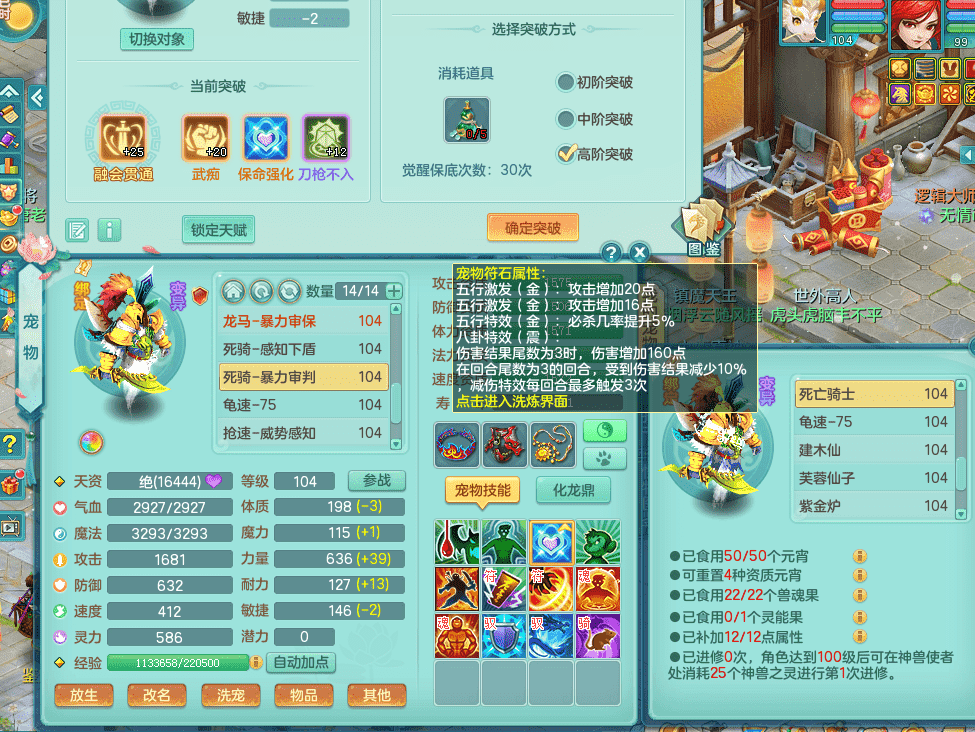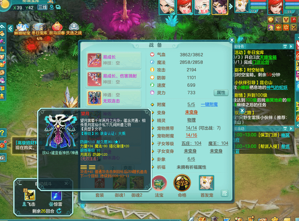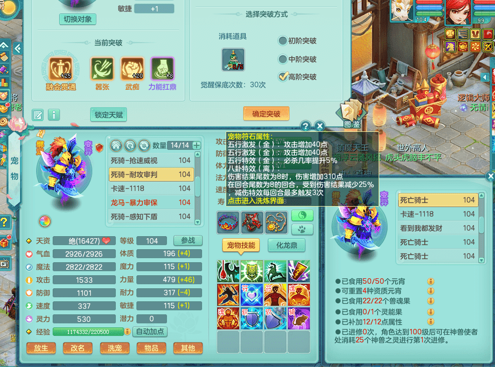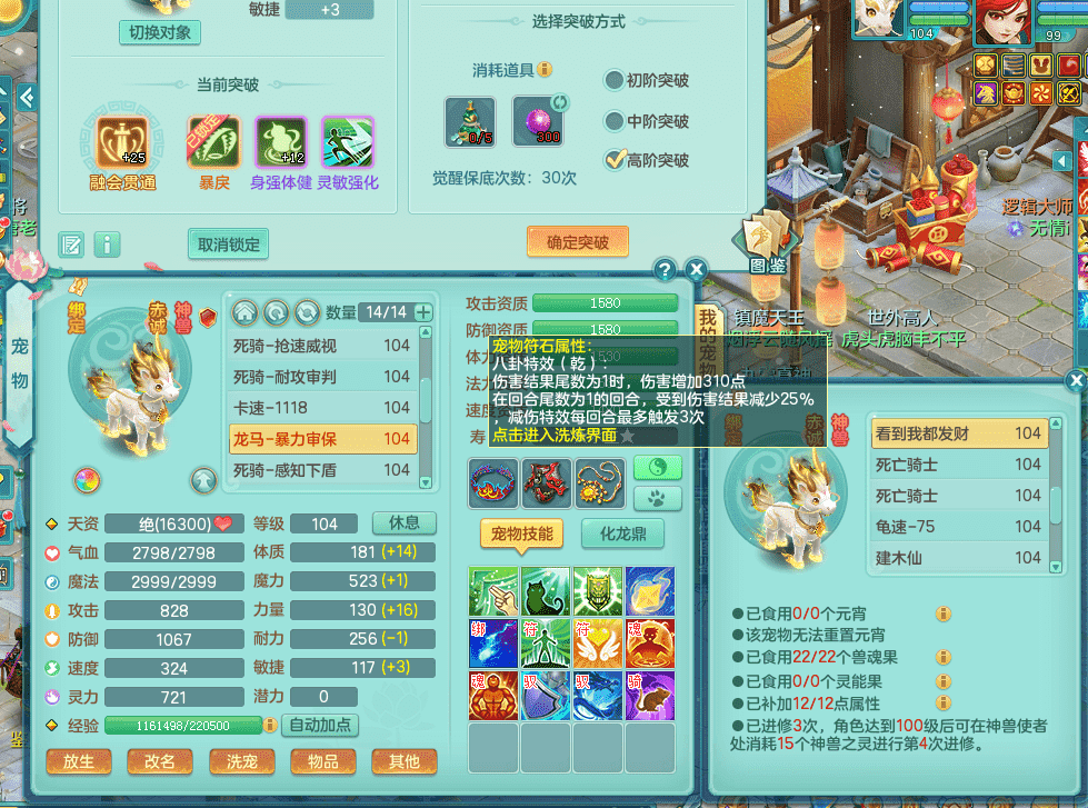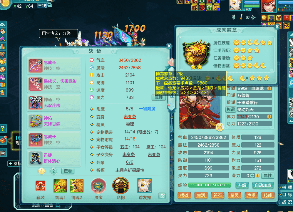 tx9326天下无双 99女万兽,双飞坐骑,2.5基础+42攻击化龙鼎 天上人间庭院,1龙无内,1内神(龙马),8觉醒5真6字13+满果子,三精灵(物,法,辅)有配套装备 可玩三系
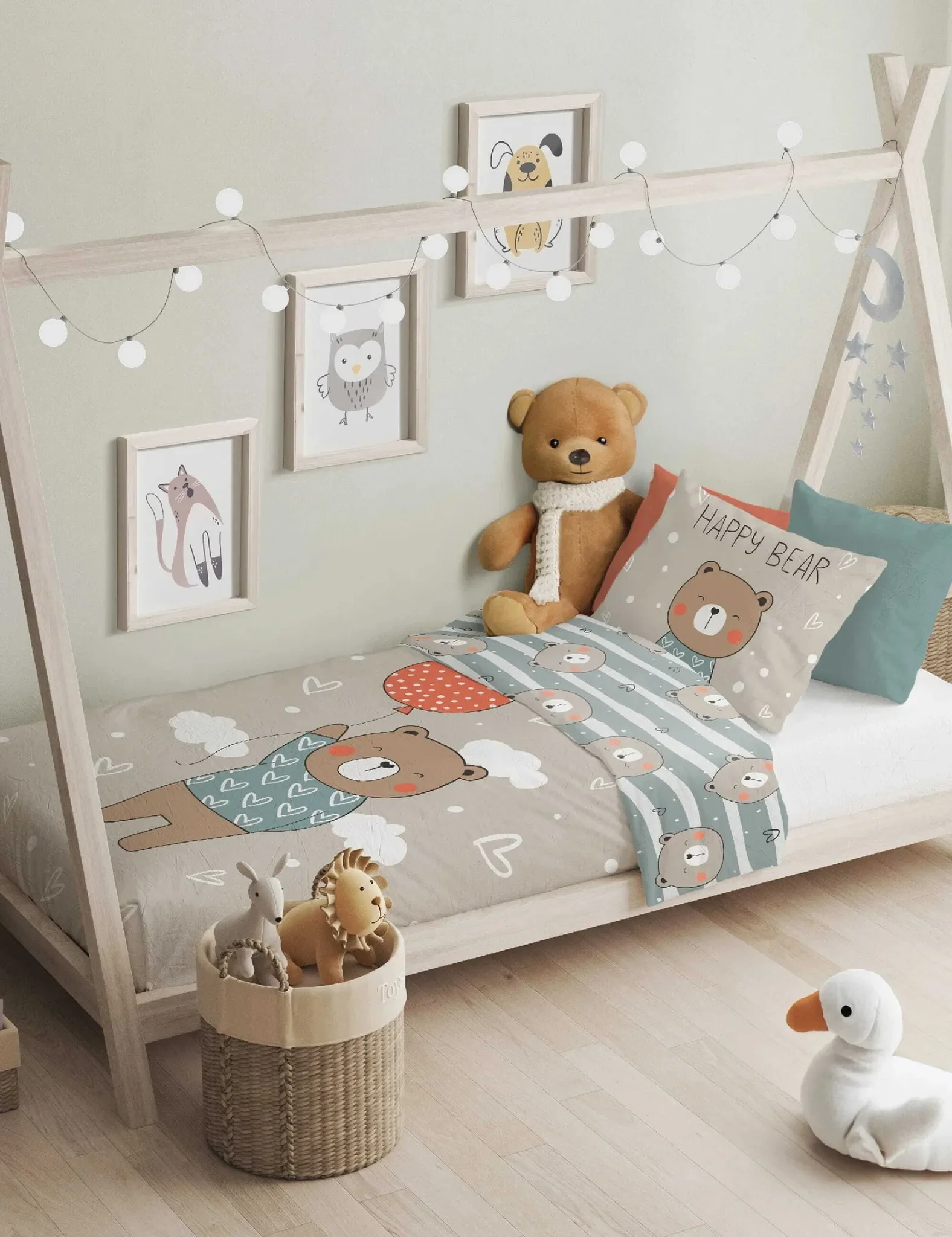 Babybettwäsche 2-teilig – 100 × 135 cm, Motiv „Happy Bear“
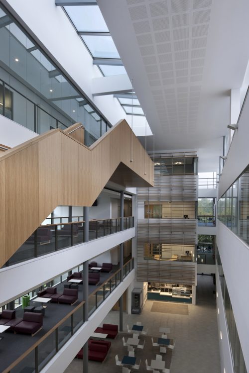 The building has also become an extremely popular events and conference venue with year one revenue rising to £20m against an investment value of just £21m. The award winning building was delivered ahead of programme and under budget at just £1600/sqm. The design comprises accommodation set either side of an atrium space which runs the length of the building. A three storey wing houses the main entrance, administration area, the hospitality suite and has staff workspaces at upper floors. On the opposite side of the atrium, a four storey wing houses the majority of the teaching spaces. The atrium will provide the social heart of the building. A feature staircase rises in a continuous line from ground to third floor and bridges at each level connect the two sides of the building. A 200 seat lecture theatre cantilevers over the main entrance below, positioned on the main axis of approach through the campus and provides a dramatic visual stop-end to this key vista.
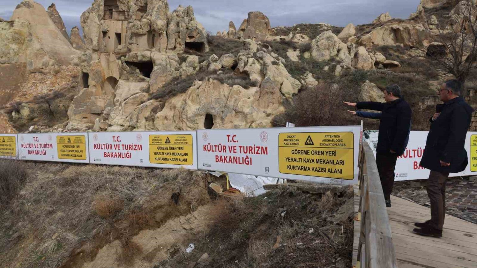 Kapadokya Alan Başkanı A. Cem Aslanbay; Göreme Ören Yeri ile Göreme Açık Hava Müzesi yolu üzerinde devam eden yeraltı kaya mekânları kurtarma kazı alanında incelemelerde bulundu.
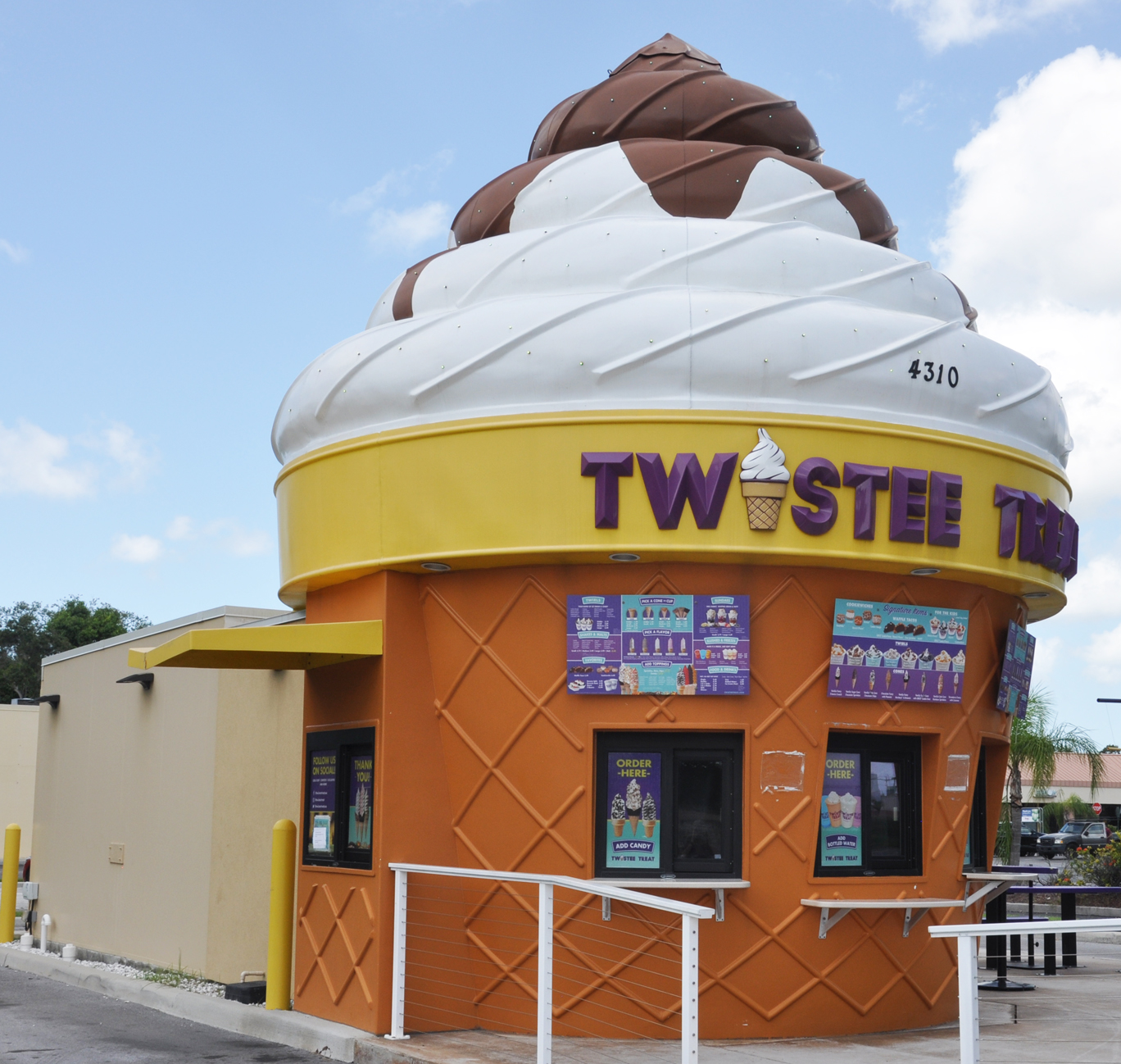 The vintage Twistee Treat on S. Orange Blossom Trail has been painted half chocolate and half vanilla. [map] The vintage Twistee Treat on International Dr. was installed there around 2008. It was previously at another location in Orlando. Before that, it may have been located in Canada. [map] The Twistee Treat on Curry Ford Rd. opened in 2010. It was the first modern building. [map] There is another new location in Orlando on E. Colonial Dr. |

- - - - -

# TO DO:
Pictures stay out; output the lines from the top of the listing above through the line containing "Babybettwäsche 2-teilig –", exactly as they stand.

# YOUR RESPONSE:
 tx9326天下无双 99女万兽,双飞坐骑,2.5基础+42攻击化龙鼎 天上人间庭院,1龙无内,1内神(龙马),8觉醒5真6字13+满果子,三精灵(物,法,辅)有配套装备 可玩三系
 Babybettwäsche 2-teilig – 100 × 135 cm, Motiv „Happy Bear“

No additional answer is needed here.